You're short on your rent. Do you resort to crime to make up the difference, or sleep on a soiled mattress in the adjoining alley?

Still more issues rise up from the depths to challenge immersion. Always Sometimes Monsters doesn't like to abandon any one narrative thread until it has achieved peak melodrama. So at the behest of another addict, you're inexorably compelled to blackmail the doctor, either by snooping through his files or, as I elected, by smashing up his expensive car. But as luck would have it, another character who'd just earlier promised me a ride out of town was planning, unbeknownst to me, to borrow that very same car. Grim serendipity, indeed.

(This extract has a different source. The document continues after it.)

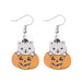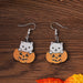 Wholesale Cute Cat Pumpkin Funny Pendant Earrings Wooden Gothic Style Double-sided Earrings
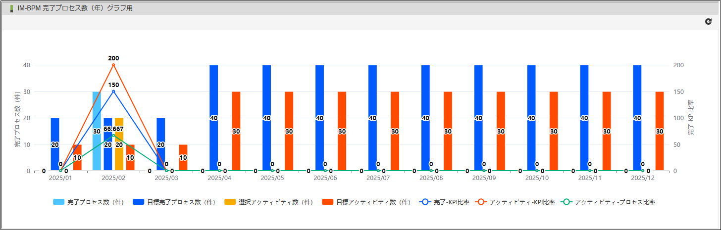 各グラフのKPIはim_act_kpi_settingのデータを参照しています。im_act_kpi_settingテーブルのデータは、プロセスモニタのKPI設定モーダルより登録できます。KPI設定については、「IM-BPM ユーザ操作ガイド」 - 「KPI設定モーダルを表示する」を参照してください。

With choice and consequence thusly meted out, the results of each of Always Sometimes Monsters' vignettes are entered into your character's diary. But considering the inherent absurdity of most of the scenarios and the disconnect between player and character, there's no question about who is authoring those journal entries. When a character recites your ignominious history back to you near the game's end and asks you to reflect on each entry--this actually happens--it reads like a case of mistaken identity.

There are a great many not-so-subtle references to the larger games industry.

Pleasantly, Always Sometimes Monsters doesn't hand down much in the way of judgment. There's no morality stat here, and though most of the cast is given to fortune cookie musings ("Stay true to who you are, whoever you think that is" says one in parting, apropos of nothing), they're mercifully laissez-faire. While this does result in some juvenile apathy, particularly during a mayoral election mid-game, Always Sometimes Monsters' moral reticence is its strongest quality. The subtle but persistent gravitational pull of poverty in the game means a lot of time spent performing excruciating temp work, or hanging out in alleyways and bars, but most of Always Sometimes Monsters' interesting characters occupy those very same haunts.

The camera's viewpoint, an otherwise awkward mash-up of overhead and axonometric shots, reveals all the pixelated squalor, all the detritus and homelessness and violence that so often goes ignored by the upper crust. The RPG feels at home here, among the dregs of society, like it did back in the Midgar slums of Final Fantasy VII. The genre's old mainstays--fetching, bartering, and grinding--are much more suited to a blue collar than they are to plate armor.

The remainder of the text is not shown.